In particular there is my kitchen sink. It is a lovely, ivory – colored, sink. But after all of the many years of use, it is scarred and scraped on the bottom. I have tried to figure out who thought ivory would be a good choice for a kitchen sink. It was probably a man who does not do the dishes very often. I tell you I have scrubbed and scrubbed and cleaned and scrubbed some more. But, no matter what I do, within moments of sparkly satisfaction – it is dull and grimy again.
And please don’t make suggestions. I have tried them all. Ceramabrite, Barkeeper’s friend, Lysol kitchen and bathroom spray, Mr. Clean, plain old Clorox, Scrub Free, 409; you name it, I have used it. I promise.
The problem is I use my sink. So no matter how much cleaning goes on, there is always cooking and eating happening in my kitchen which means the basin will be dirty shortly, if it isn’t already.
In a perfect world, there would be a cleaning solution that kept things clean always, so I wouldn’t have to work so hard…

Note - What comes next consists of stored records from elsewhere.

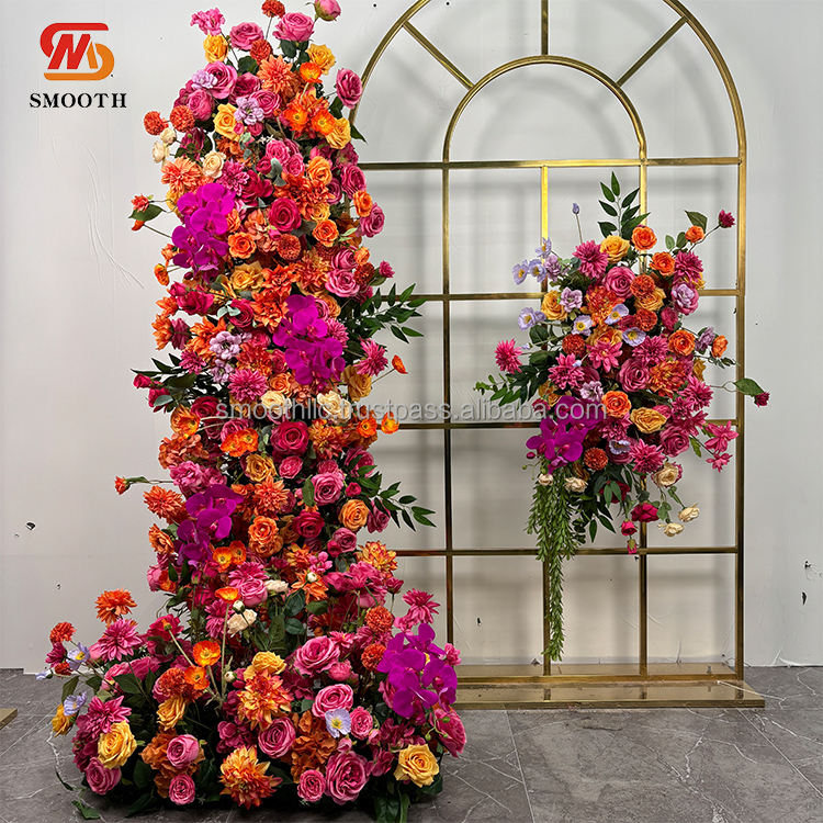แผงดอกกล้วยไม้สีชมพูยอดนิยมลายดอกกุหลาบสีส้มและสีชมพูสำหรับจัดงานแต่งงานสินค้ามาใหม่
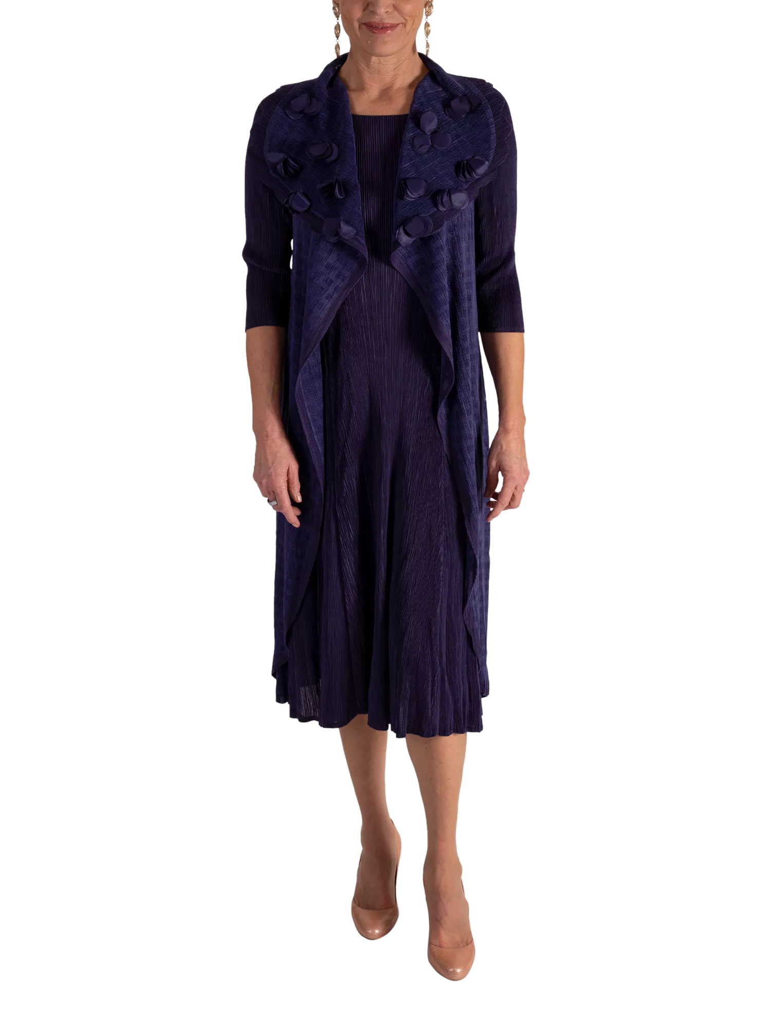 In a simple shift style, with a mock jacket overlay embellished with applique chiffon flowers, this below-the-knee length dress from chesca is easy to wear thanks to its pleated fabrication. Featuring a round neckline and three-quarter length sleeves, this style is a mother of the bride or wedding guest favourite.
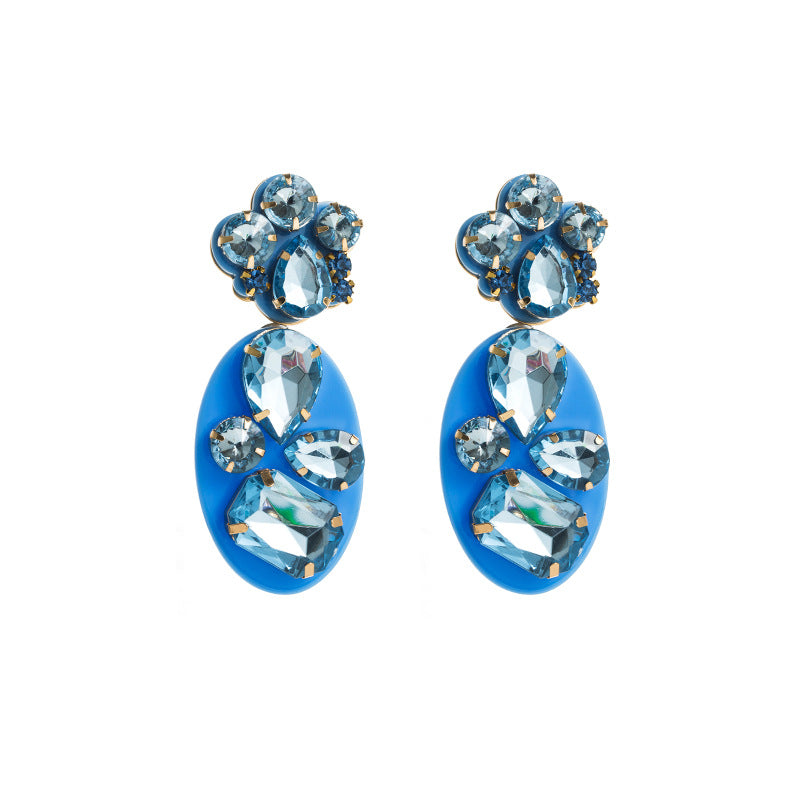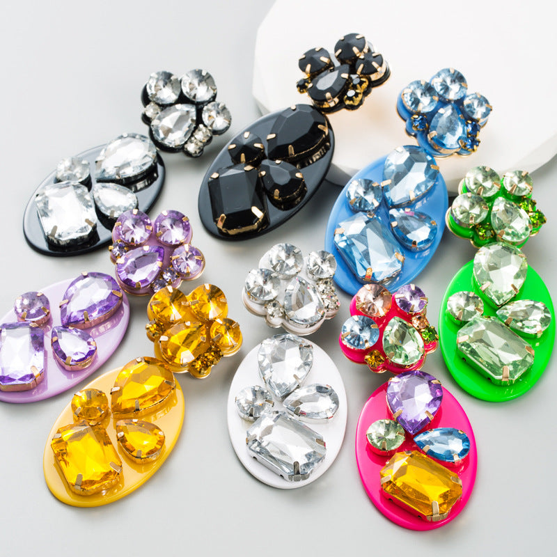 Pendientes de clip con diamantes de imitación ovalados E6646
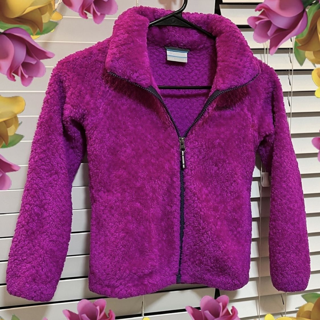 Columbia Girls' Fire Side Sherpa Purple Jacket Size S (8) Cozy Columbia fleece jacket. Perfect for warmth and comfort. Pre-loved still in a beautiful condition! About 15” pit-pit About 16” pit - end of sleeve About 19” L Bundle & save Reasonable offers considered
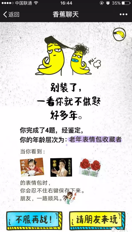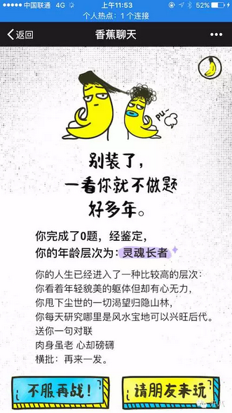 但是,我今天真的受桑了。今天,朋友圈在流传一个测年轻的游戏H5,八姐于是好奇心大发,围观了一下众友人的战绩,发现大都比较惨烈啊!有被鉴定为中医爱好者的、熊孩子爸妈的,还有老年表情包收藏者!八姐默默看着,内心已经笑炸。

As I had these thoughts this morning, up to my elbows in suds in my kitchen, I came to a realization about my own heart. It is very similar to my sink. Often it is filthy with sin. When I take note of it all, almost subconsciously I set about cleaning. Somewhere along the line I began to believe that I can better myself, so, out comes my scrub brush of lofty, humanistic ideals along with my cleaning solution of good works and I get started on the task at hand. After all, I’m responsible for my guilt and my sin aren’t I? Surely I need to do something to be absolved of it all… Oh how much I do, solely as an effort to gain favor with God, hoping the stains of guilt will be removed…
But that is the opposite of the truth from God’s word. It is impossible for me to live, on this side of the fall, without sin. I can not, by my own handiwork, make myself clean. “There is none righteous, no not one!” But the good news of the Gospel is this: I am made clean by His work on the cross and the blood that He shed. My heart is thoroughly cleansed by the washing and regeneration of the Holy Spirit. Its the ultimate in Scrub Free. His cleansing is the only possible solution that allows me to be free of all my guilt-ridden works.

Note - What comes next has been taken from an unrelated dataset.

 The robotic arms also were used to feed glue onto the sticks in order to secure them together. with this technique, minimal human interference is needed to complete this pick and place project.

How I love this significant reminder in Ephesians 2. I think its one of my favorite passages of all…
4 But because of his great love for us, God, who is rich in mercy, 5 made us alive with Christ even when we were dead in transgressions—it is by grace you have been saved. 6 And God raised us up with Christ and seated us with him in the heavenly realms in Christ Jesus, 7 in order that in the coming ages he might show the incomparable riches of his grace, expressed in his kindness to us in Christ Jesus. 8 For it is by grace you have been saved, through faith—and this is not from yourselves, it is the gift of God— 9 not by works, so that no one can boast. 10 For we are God’s handiwork, created in Christ Jesus to do good works, which God prepared in advance for us to do.
No more scouring. No more laboring for favor. Cleaning my heart no longer has a place on my to-do list. I am free indeed to live the life He has called me to live, by the power of the Holy spirit who has made me clean. hallelujah and amen!